The Life of the Synagogue

B’nai Jehudah, Kansas City, MO

Sanctuary interior, photograph
The Temple, Congregation B’nai Jehudah
Henry McGrew Printing, Inc., Kansas City, MO

In the decades following World War II, the synagogue underwent dramatic changes in its form and appearance. Most notably in America, where the largest number of synagogues was built, Modernism became the style of choice. Expressive Modernism, which favored varied shapes, curved forms, and often soaring spaces, began with the work of German-Jewish refugee Eric Mendelsohn (1887–1953) in the early 1950s and became widespread by the 1960s. New forms and materials created an entirely new look for Jewish houses of worship. In no place is this clearer than in the former sanctuary of B’nai Jehudah in Kansas City, Missouri, designed by the architectural firm of Kivett and Myers. The fourth home of the congregation, it is striking for its exterior profile and massing and its combination of natural and industrial forms to create an appearance rooted in both primeval nature and futuristic design.
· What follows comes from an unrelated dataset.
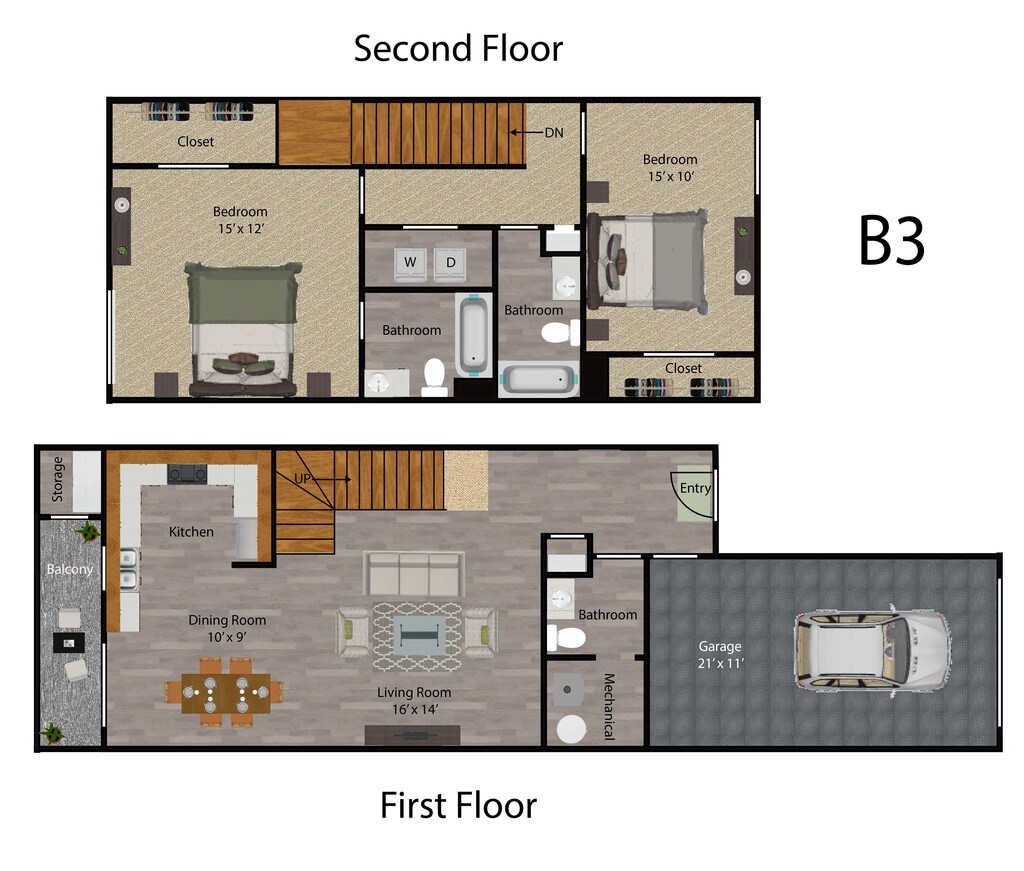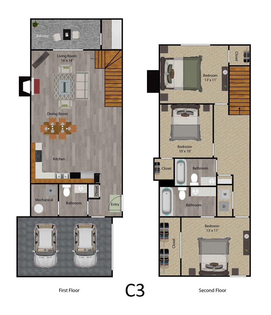 B3 - Floorplan 3 Apartment Unit: 12834Apartment Model: B3$2,0522 Bedroom, 2.5 Bath, 1275 sq ftAvailable NowApartment Unit: 15314Apartment Model: B3$2,0522 Bedroom, 2.5 Bath, 1275 sq ftAvailable November 22, 2025Floorplan B3R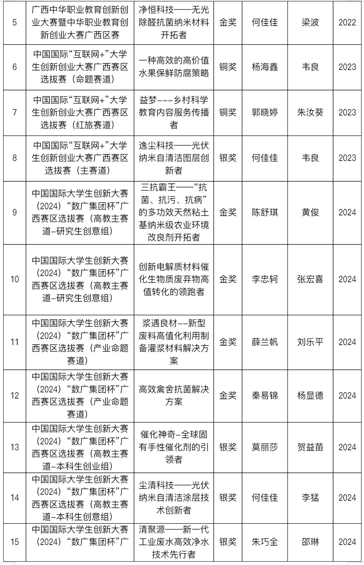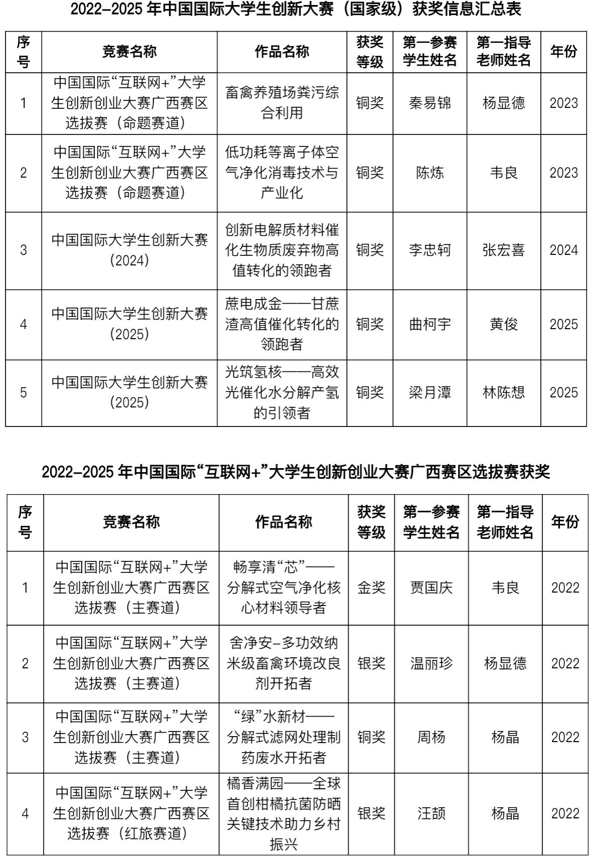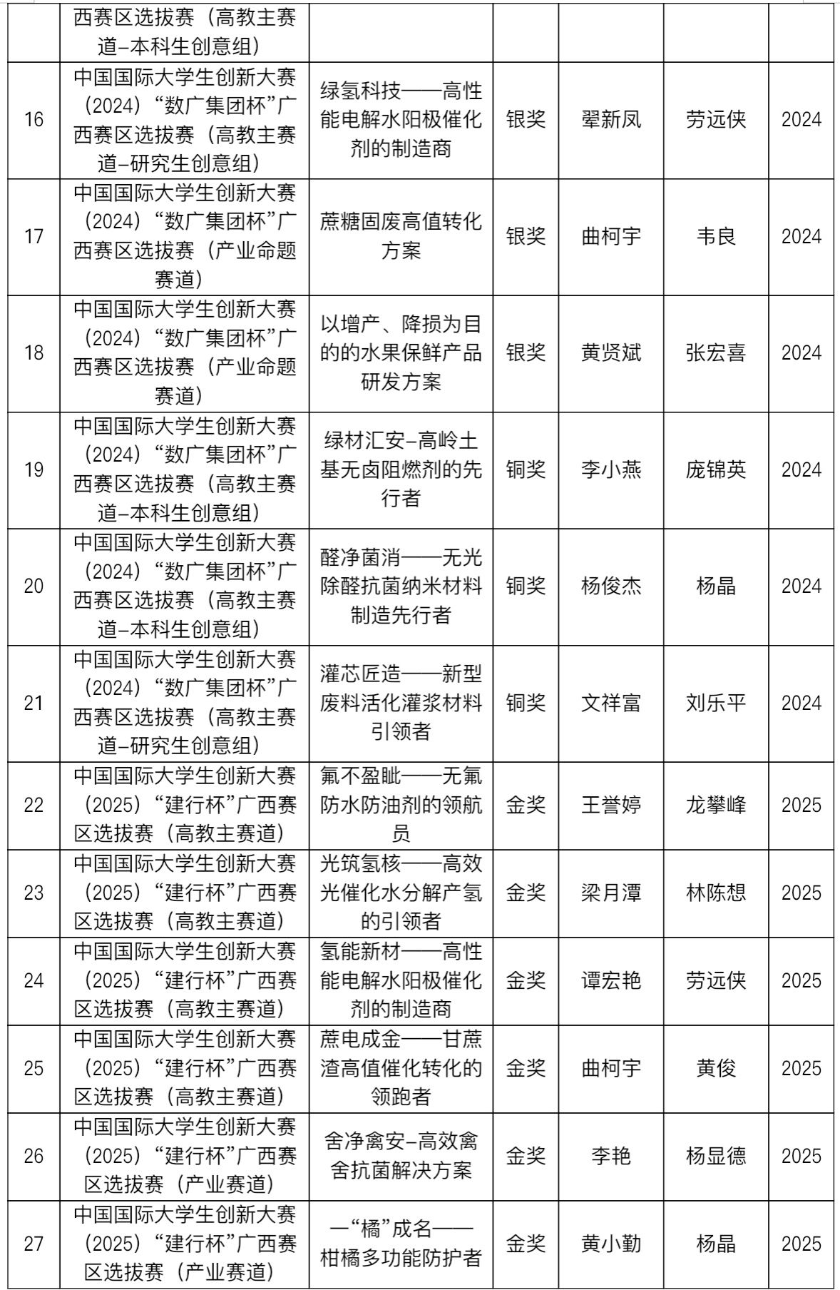 2022-2025年中国国际大学生创新大赛获奖

From the outside, the synagogue had a striking style dominated by a prominent, asymmetrical roof that combines multiple materials with the opposition of straight edges and curves, resulting in a complete departure from traditional synagogue architecture. The inside, seen here in a postcard view, is a vast open space that seems to spring upward in a swirl of movement. The interior arrangement is quite simple, with a massive center support pole that also serves as the ark. Curtains draped around the low rear sections of the sanctuary can be opened to reveal expanded seating. There is a central plan set beneath a dome of sorts, but the bimah is pushed to the edge, around the center pole. On the bimah is a large bronze menorah, an eternal light, and the ark itself, all designed by local artist Norman Brunelli.

Founded in 1870, Reform Congregation B’nai Jehudah is the oldest Jewish congregation in the Kansas City metropolitan area. When the synagogue was completed in 1969, it was deemed a modern landmark. Nonetheless, as a sign of changing tastes and shifting Jewish settlement patterns, the building was demolished after the congregation relocated to suburban Overland Park in 2000.